Second, could you elaborate a bit further on the data set : the amount
of the month ago, is that one value from another row, or the sum of
all values in the previous month? I saw in your example dataset that
the last month has 2 rows, but couldn't figure out whether that's a
typo or really means something. That's necessary information to
optimize your code. 129s is indeed far too long for a simple action.

Cheers
Joris

On Mon, Oct 19, 2009 at 3:49 PM, Ian Willems
<ian.willems at uz.kuleuven.ac.be> wrote:
> Short: get rid of the loops I use and optimize runtime
>
> Dear all,
>
> I want to calculate for each row the amount of the month ago.
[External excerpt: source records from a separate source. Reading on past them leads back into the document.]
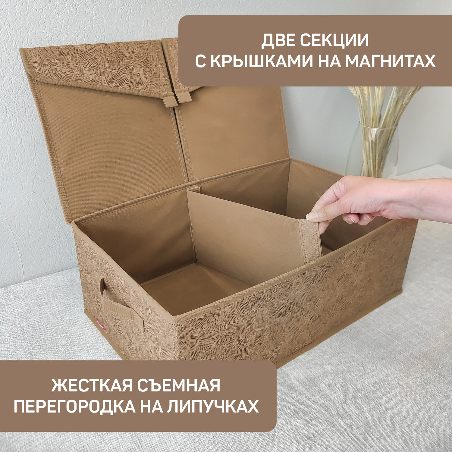 Коробка для хранения вещей с крышкой, короб стеллажный, ящик с двумя отделениями, 50*30*20 см, OPUS ROMANO VENUS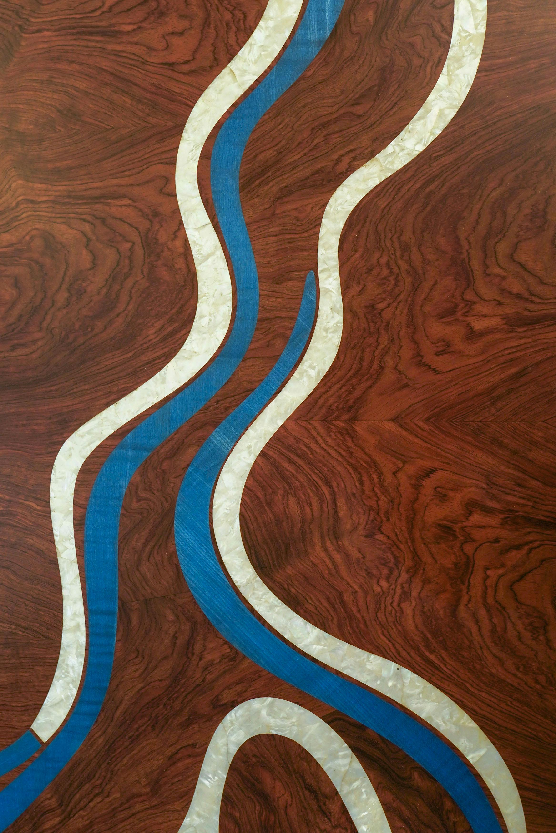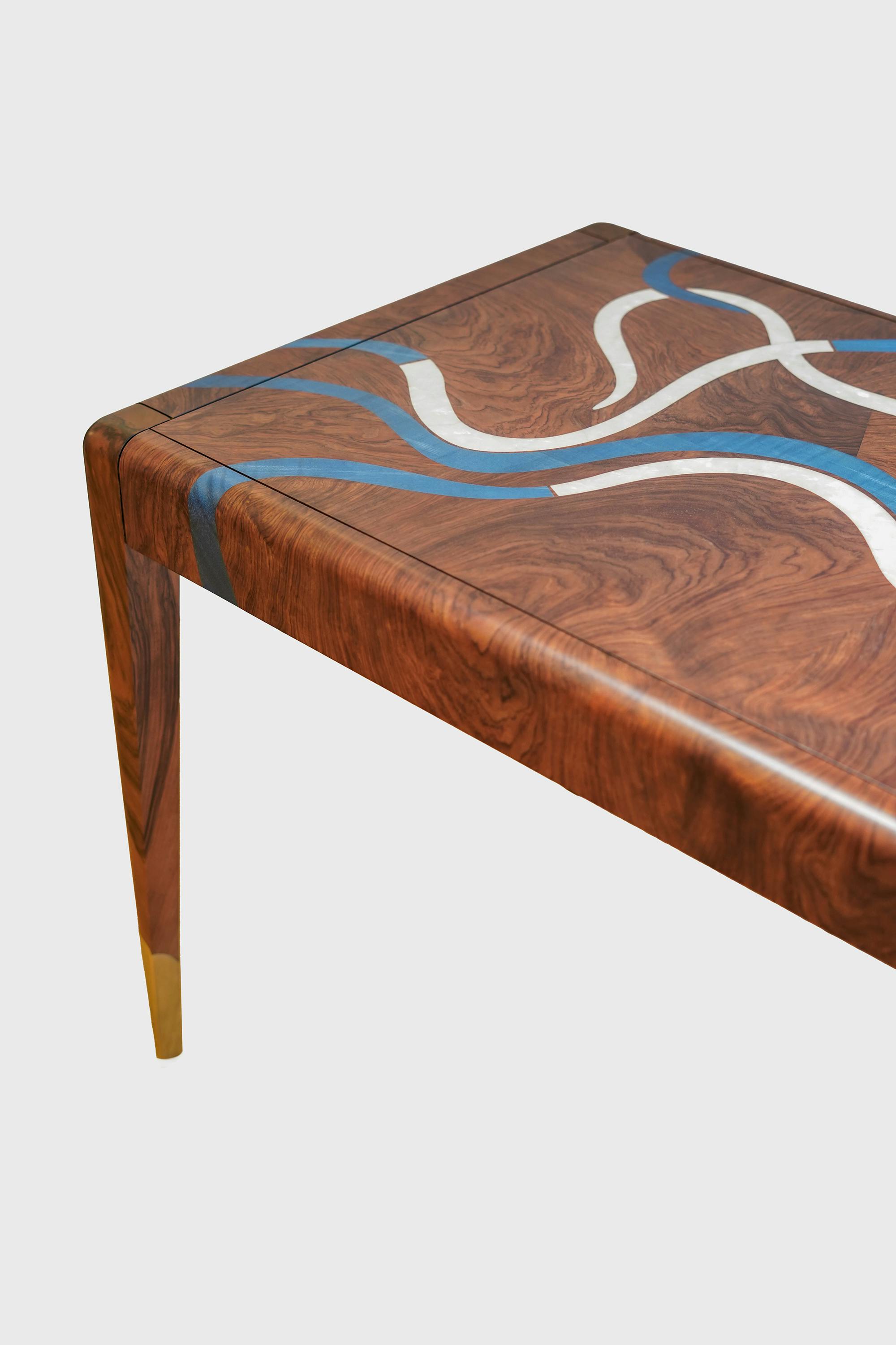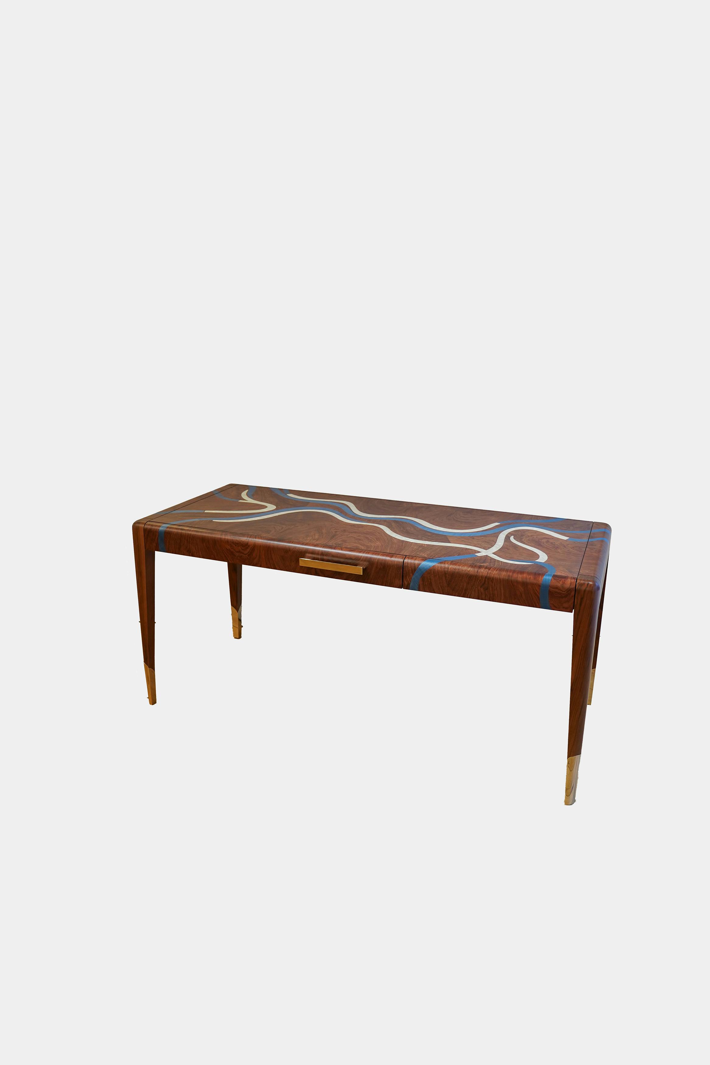 With its fluid lines and turquoise marquetry inlaid with mother-of-pearl, the Nereus desk extends the visual language of the collection. The patterns across the top follow the flow of an invisible current, forming a subtle relief that catches the light. Patinated in a moongold shade, the bronze details highlight the elegance of the structure. Both graphic and organic, this piece brings materials into dialogue, shaping a contemporary design inspired by the marine world.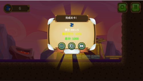 3、完成关卡任务就可以显示得到的分数并获得奖励,然后点击进入下一关。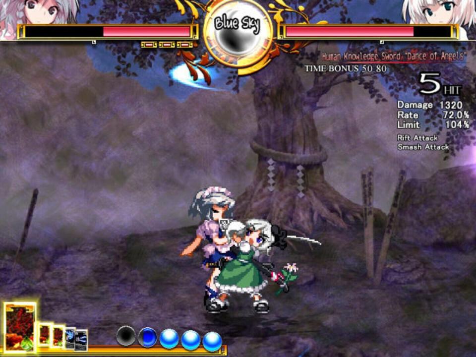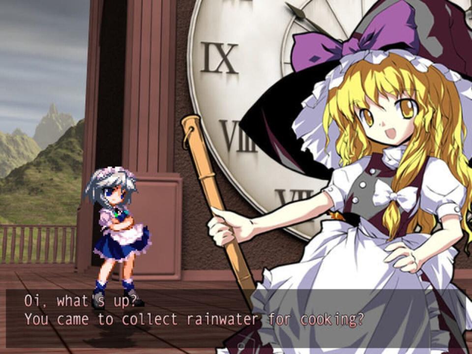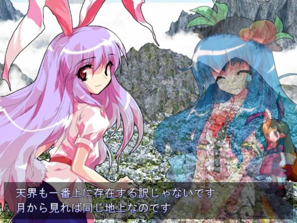 A bizarre phenomenon is occurring in Gensokyo. In the middle of summer, untimely rain and hail fall in the Forest of Magic, snow blankets Hakugyokurou, the Scarlet Devil Mansion is enveloped in a cloudy, dense haze, and the Hakurei Shrine is leveled by a sudden earthquake. Throughout the game, Reimu and the other protagonists set out to investigate the source of the strange occurrences. Tenshi Hinanawi is a celestial. Finding her newfound life in Heaven boring and monotonous, she enviously saw the youkai of Gensokyo stirring many incidents from above. Wielding the power to control the earth and the divine Sword of Hisou, the jaded celestial decides to instigate a catastrophe of her own.

I use a matrix with 2100 rows and 22 colums (which is still a very small matrix. nrows of other matrixes can easily be more then 100000)
>
> Table before
> Year  month quarter yearmonth Service ...  Amount
> 2009  9        Q3            092009          A                ...    120
> 2009  9        Q3            092009          B                 ...     80
> 2009  8        Q3           082009           A                  ...     40
> 2009  7        Q3           072009           A                   ...      50
>
> The result I want
> Year month  quarter yearmonth Service ...    Amount   amound_lastmonth
> 2009 9           Q3          092009              A            ...    120         40
> 2009 9           Q3          092009              B            ...    80           ...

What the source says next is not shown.